Sales rose 0.3 percent after falling the same amount in January, the Commerce Department said last week. Still, consumer spending shows no sign of slowing down, as it accounted for $6 trillion of the $9 trillion U.S. economy last year and helped dig the country out of the recession.


Speaking of the "r" word, everyone -- including Federal Reserve chairman Alan Greenspan -- says the recession is over, though the recovery will be slow. Many catalogers and retailers reported good news for February sales, with the Sharper Image at the top of the list. The company saw its catalog sales skyrocket 98 percent to $8.7 million last month over February 2001 and gave much of the credit to an infomercial campaign it aired.


In several respects, the horrible events of Sept. 11 seem a lifetime ago -- not six months. While the fear of terrorism continues to eat into some industries, especially tourism, people's resiliency comes shining through. Life isn't like before, but it never will be again. Those of us in New York City began looking toward a new symbol of hope last week: twin beams of light that pierce the night sky to create an eternal memorial to those who lost their lives at the World Trade Center. The memorial is only temporary, officials say. Why not make it permanent?
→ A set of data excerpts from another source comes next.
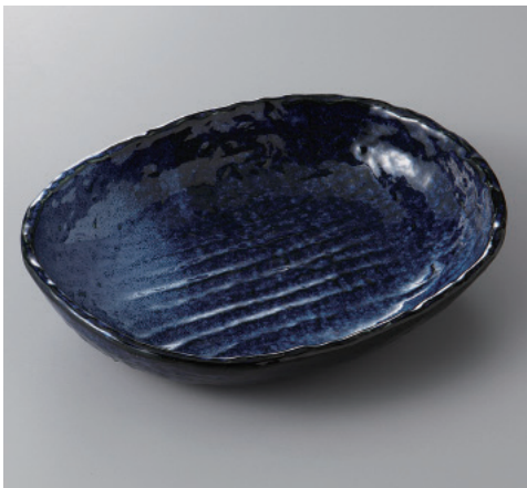
385-7-33H 1,210円 雲海バスケット大 22.4×17×4.8cm
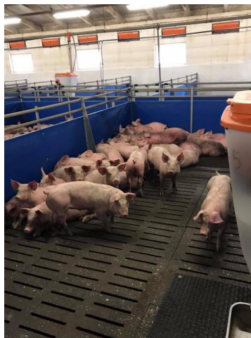
Slika 12. Rešetkasti podovi u tovilištu na poljodjelskom obrtu Srijem u Iloku
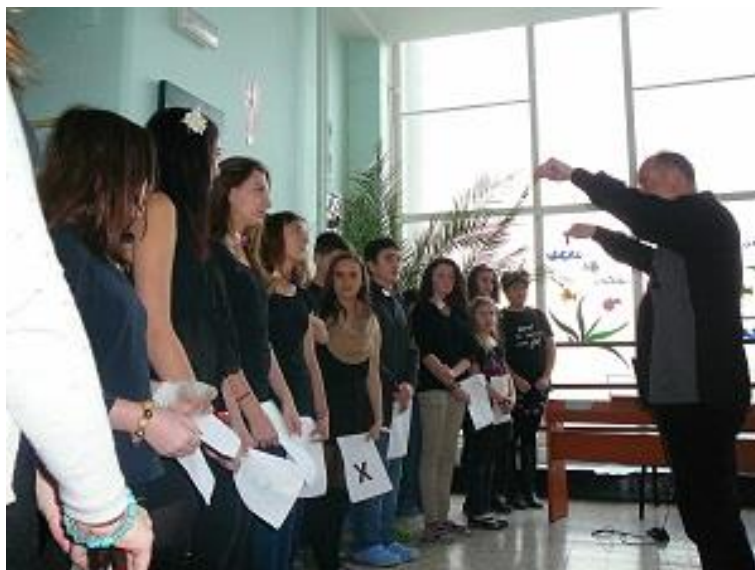
Vánoční zpívání na schodech – školní pěvecký sbor.

V tomto školním roce vznikl na naší škole nový dětský pěvecký sbor pod vedením MgA. Zdeňka Klumpara, který na škole vyučuje hudební výchovu a má dlouholeté zkušenosti s vedením dětských pěveckých sborů. Hlavním smyslem sboru je naplnit vhodně volný čas těch žáků školy, které mají pěvecké předpoklady a rády zpívají. Zpěv a hudba přináší dětem řadu krásných a smysluplných dojmů, které přispějí k jejich osobnímu rozvoji a kultuře. Během roku se počet členů sboru ustálil na 16 dětech. Repertoár tvoří jak lidové písně v jednohlasých až tříhlasých úpravách, tak písně z oblasti folku, country apod. Sbor připravil také vánoční program, děti si tak vyzkoušely i první veřejné vystoupení.
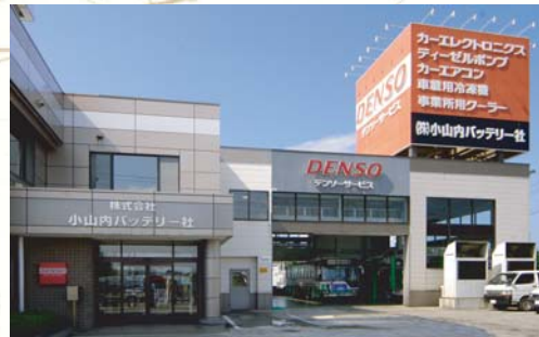
■2000(平成12年)1月24日 小山内バッテリー社青森店開設
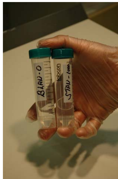
ja ravista 10 sekuntia
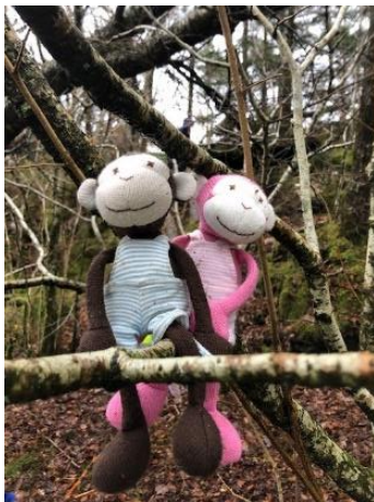
Monki og Minki

Barnegruppen har vært delt i to, Bringebærgruppen og Blåbærgruppen. Vi har hatt faste voksne med i begge gruppene, noe som både sikrer progresjon og stabilitet. VI har arbeidet i smågrupper og det er blitt utarbeidet planer for prosjektet som har blitt samkjørt i en felles ukeplan på basen.
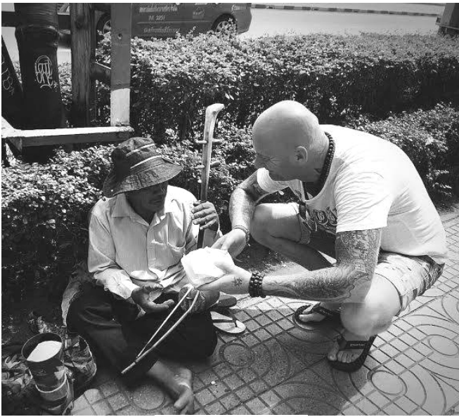
Egy segítséget váró

Viszont ennek ellenére hihetetlen vendégszeretőek. Behívnak rozzant otthonaikba, és amijük van, szívesen osztják meg másokkal. Ilyenkor a helyi ételekkel kínálnak, amit ők is fogyasztanak nap, mint nap. Tábortűz, helyi zenekar, kézzel evés, minden a legnagyobb profizmusban. Viszont ne lepődjünk meg, ha sült patkány, hangyás hús, sült bogarak kerülnek a tányérunkra. Előtte a gyomrunkat fel lehet készíteni pár adag rizspálinkával, hogy ne kapjon sokkot. Utunk jelen állomása is épp ezen a területen élő embereknek kívánt valahogy segíteni. Főleg a gyerekeknek, családoknak, de végül is bárkinek, akiknek tudtunk.
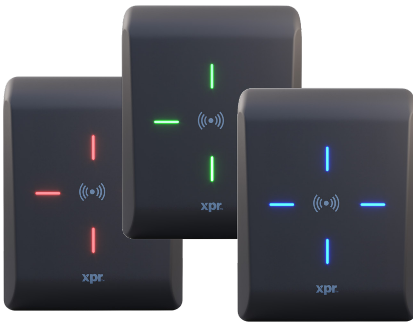
XP LECTOR RFID
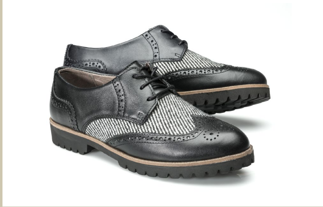
Leder-Derby Schwarz/Weiß Gr.: 36-42 Nr. 45-0448 € 89,90

DTC Advertising and Drug Costs


Vioxx. Nexium. Claritin. Day and night, the commercials never stop. Who would have thought that direct-to-consumer drug advertising would be this big back in 1997 when the Food and Drug Administration loosened its restrictions? However, those campaigns don't come cheap and are driving up costs, The Wall Street Journal reported last week. Manufacturers aren't backing away either, as supported by numbers from researcher CMR, which put DTC drug ad spending at $2.49 billion last year. In 1997, it was $859 million. Meanwhile, the Journal pointed out the latest strategy to market new drugs -- the lowly coupon -- as more companies offer free one-week and one-month supplies of their drugs.